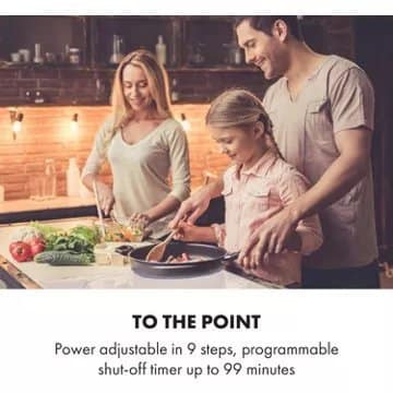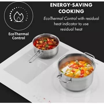 - Sécurités : arrêt automatique, anti surchauffe, verrouillage du clavier, témoin de chaleur résiduelle, détection d’absence de récipient, témoin de mise sous tension
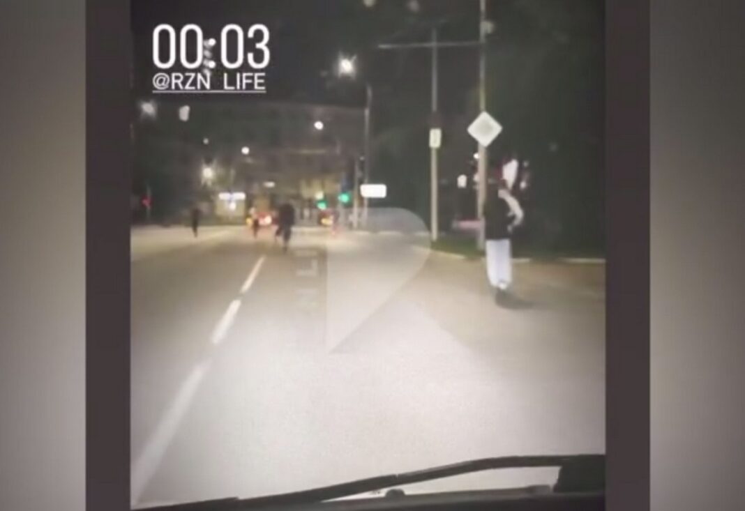 В Рязани группа парней проехала на самокатах по автомобильной дороге
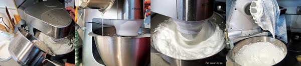 Con las cantidades indicadas se obtiene más merengue del necesario para la tarta, o sea que podéis preveer otra preparación o hacer más tartas. También se pueden reducir las cantidades, pero en ese caso se trabaja peor.

* _WORK INSTRUCTION_
Set the listing above down again exactly, leaving pictures out.

* _EXERCISE SOLUTION_
 - Sécurités : arrêt automatique, anti surchauffe, verrouillage du clavier, témoin de chaleur résiduelle, détection d’absence de récipient, témoin de mise sous tension
 В Рязани группа парней проехала на самокатах по автомобильной дороге
 Con las cantidades indicadas se obtiene más merengue del necesario para la tarta, o sea que podéis preveer otra preparación o hacer más tartas. También se pueden reducir las cantidades, pero en ese caso se trabaja peor.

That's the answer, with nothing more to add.